(Data extracted from a collection)
:::

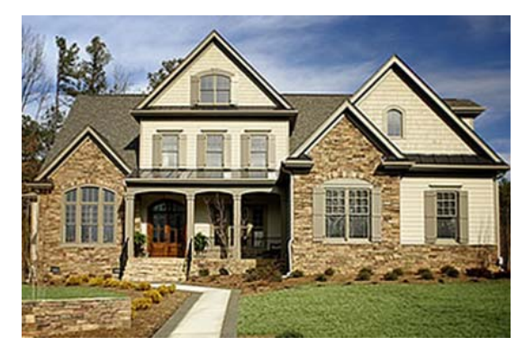
"Your Dream - Our Passion"

Proven System - Using our proven system and our recommended suppliers and subcontractors, one client, a 70 year-old retired school teacher, built her own home in 4½ months and saved thousands of dollars.
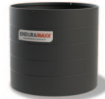
12,500 Litre 17202501 2600 dia x 2600 H 2749 gallons 12.5 cubic metres
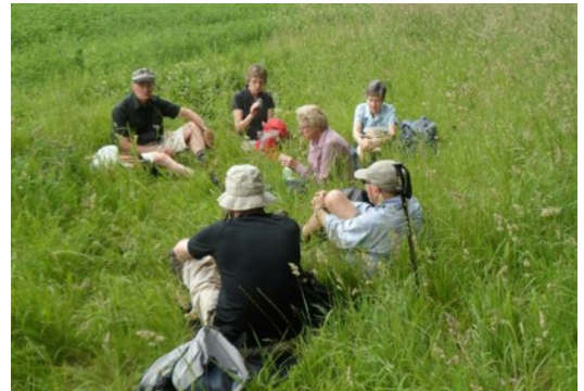
In a field having lunch
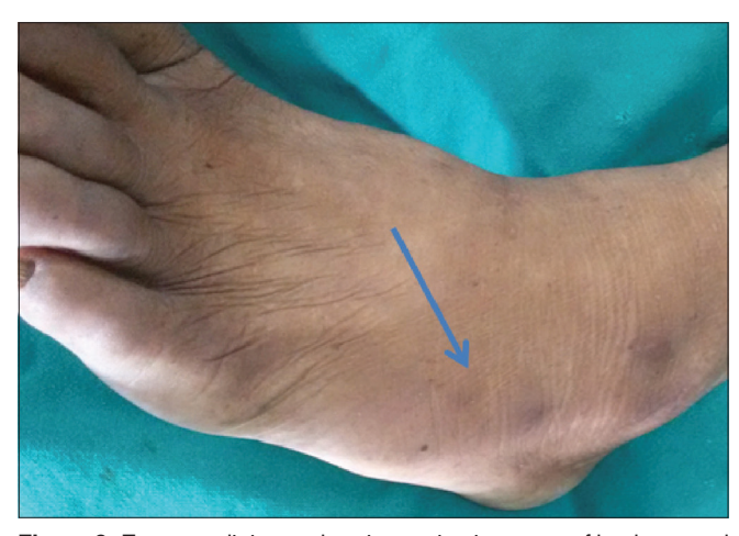
Figure 2: Extensor digitorum brevis wasting in a case of lumbar canal stenosis

On average, the participating patients were 56-year-old (standard deviation [SD] 14.0; age range: 20–88 years). Mean age for lumbar canal stenosis was 56.30 (13.95) (mean: Years [SD]). Male to female ratio was 1.5:1. Mean age for intervertebral disc prolapse (IVDP) in our study group was 27 years (age range from 19 to 46 years). In this study, group ratio of canal stenosis and disc prolapsed was 60:40 among males and 40:60 among females, respectively.

:::

### EXERCISE INSTRUCTIONS:
Omitting all pictures, restate word for word the lines from the one containing "Proven System - Using" through the last line of the data.

### ANSWER SECTION:
Proven System - Using our proven system and our recommended suppliers and subcontractors, one client, a 70 year-old retired school teacher, built her own home in 4½ months and saved thousands of dollars.
12,500 Litre 17202501 2600 dia x 2600 H 2749 gallons 12.5 cubic metres
In a field having lunch
Figure 2: Extensor digitorum brevis wasting in a case of lumbar canal stenosis

On average, the participating patients were 56-year-old (standard deviation [SD] 14.0; age range: 20–88 years). Mean age for lumbar canal stenosis was 56.30 (13.95) (mean: Years [SD]). Male to female ratio was 1.5:1. Mean age for intervertebral disc prolapse (IVDP) in our study group was 27 years (age range from 19 to 46 years). In this study, group ratio of canal stenosis and disc prolapsed was 60:40 among males and 40:60 among females, respectively.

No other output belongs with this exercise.